University of Pittsburgh

Novel Nucleotide Prodrugs to Target Oxidative Stress

Scientists from the University of Pittsburgh have designed nucleoside prodrugs with the potential to act as anti-viral and anti-cancer drugs.

Description

Nucleosides are the structural subunits of nucleic acids like DNA and RNA. Their analogs can be potent therapeutic agents acting as prodrugs requiring a biological phosphorylation reaction sequence to become active. The efficacy of this reaction varies depending on the structure of the nucleosides. Nucleotides, singularly phosphorylated nucleosides, can undergo further phosphorylation more effectively, but challenges exist around their ability to enter cells. The novel nucleotide prodrugs developed by the team at the University of Pittsburgh are designed to enter target cells as inactive agents and undergo oxidative cleavage only in cells with high levels of oxidative stress, releasing an active nucleotide targeting diseased cells only, overcoming many of the existing challenges with nucleotide prodrugs.

Applications

1. Cancer treatment
2. Anti-viral development
3. Other disease states linked to oxidative stress

Advantages

Previous nucleotide prodrugs have been designed but which rely on enzymatic release in vivo.

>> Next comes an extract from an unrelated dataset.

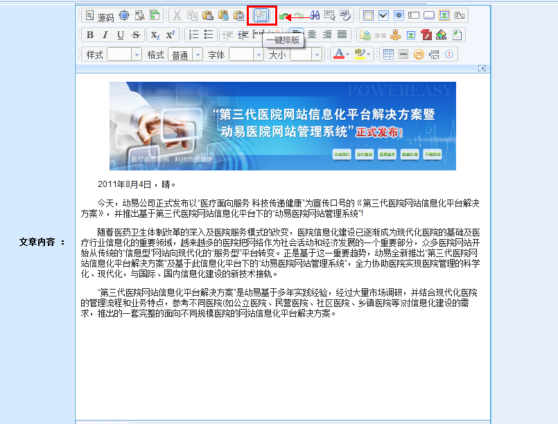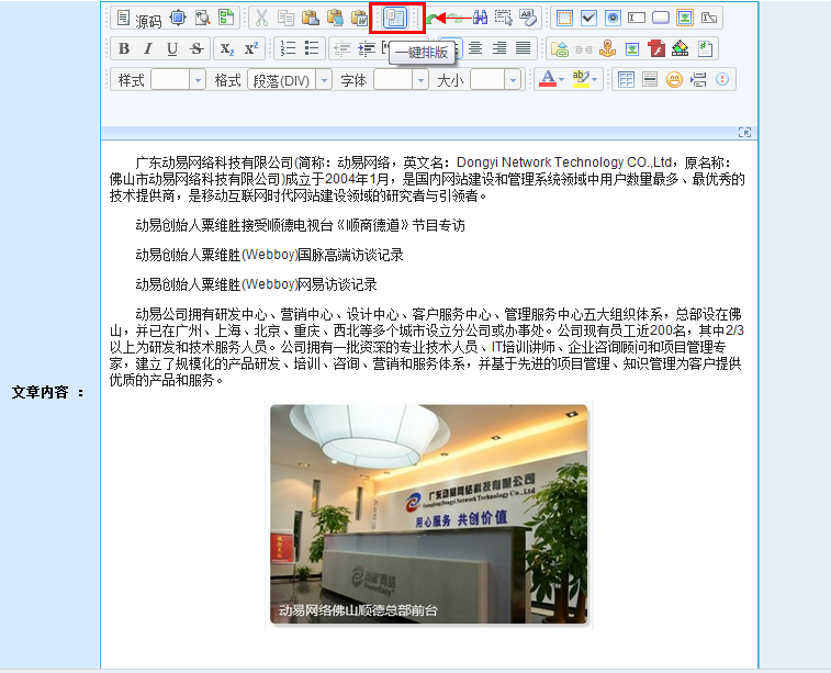 文章內(nèi)容一鍵排版功能——動易5.1版新特性

Not only can these nucleotides lack cell permeability, but can undergo off-target release, decreasing the selectivity of the prodrugs and potentially increasing the risk of side effects.

The novel nucleotide prodrugs reported here use a boryl allyl phosphate group to ensure release in the presence of hydrogen peroxide. Given hydrogen peroxide is formed in areas of high oxidative stress, inherent in the targeted disease tissue, greater selectivity in the targeting of these prodrugs and a reduction in the risk of side effects will be achievable.

Invention Readiness

Currently in the concept phase a nucleotide prodrug that can undergo oxidative cleavage has been designed. Uniquely containing boryl allyl phosphate groups, they have the potential to selectively target diseased cells.